Rstudio-server environment variables not loading?

AI52487963 picture AI52487963 · Jun 1, 2013 · Viewed 14.6k times · Source

I'm trying to run rhadoop on Cloudera's hadoop distro (I can't remember if its CDH3 or 4), and am running into an issue: Rstudio server doesn't seem to recognize my global variables.

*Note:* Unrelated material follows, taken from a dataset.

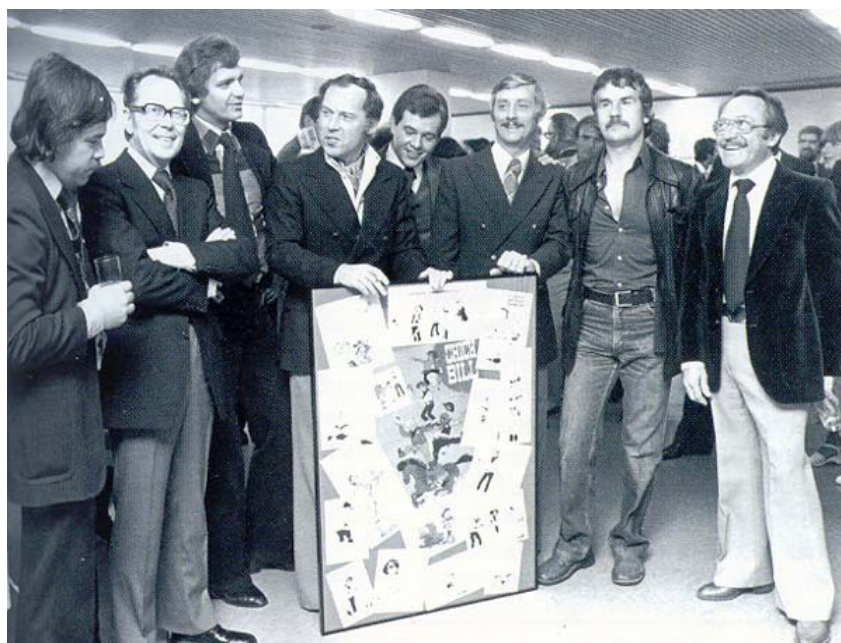
Walthéry, Morris, Dany, Tibet, De Groot, Géri, Hermann, Paape, 25 ème anniversaire de Chick Bill

En 1973, pour le 20 ème anniversaire de la série « Chick Bill », voici comment aurait été le personnage sous le crayon d'Hermann. Un hommage sera à nouveau rendu cinq années plus tard à Tibet, le dessinateur de Chick Bill.
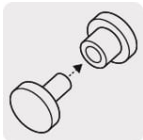
Cosido y remachado

In my /etc/profile.d/r.sh file, I have:

export HADOOP_HOME=/usr/lib/hadoop
export HADOOP_CONF=/usr/hadoop/conf
export HADOOP_CMD=/usr/bin/hadoop
export HADOOP_STREAMING=/usr/lib/hadoop-mapreduce/

When I run R from the terminal, I get:

> Sys.getenv("HADOOP_CMD")
[1] "usr/bin/hadoop"

But when I run Rstudio server:

> Sys.getenv("HADOOP_CMD")
[1] ""

And as a result, when I try to run rhdfs:

> library("rJava", lib.loc="/home/cloudera/R/x86_64-redhat-linux-gnu-library/2.15")
> library("rhdfs", lib.loc="/home/cloudera/R/x86_64-redhat-linux-gnu-library/2.15")
Error : .onLoad failed in loadNamespace() for 'rhdfs', details: 
    call: fun(libname, pkgname)
    error: Environment variable HADOOP_CMD must be set before loading package rhdfs
Error: package/namespace load failed for 'rhdfs'

Does anyone know where I should be putting my enviornment variables if not in that specific r.sh file?

Thanks!

Answer

Charles Menguy picture Charles Menguy · Jun 1, 2013

You should set your environment variables in .Renviron or Renviron.site. I think these files are defined under R_HOME/etc/Renviron.site. You can get more information by typing:

> ?Startup

Someone had a similar issue here and this is what he did to solve it.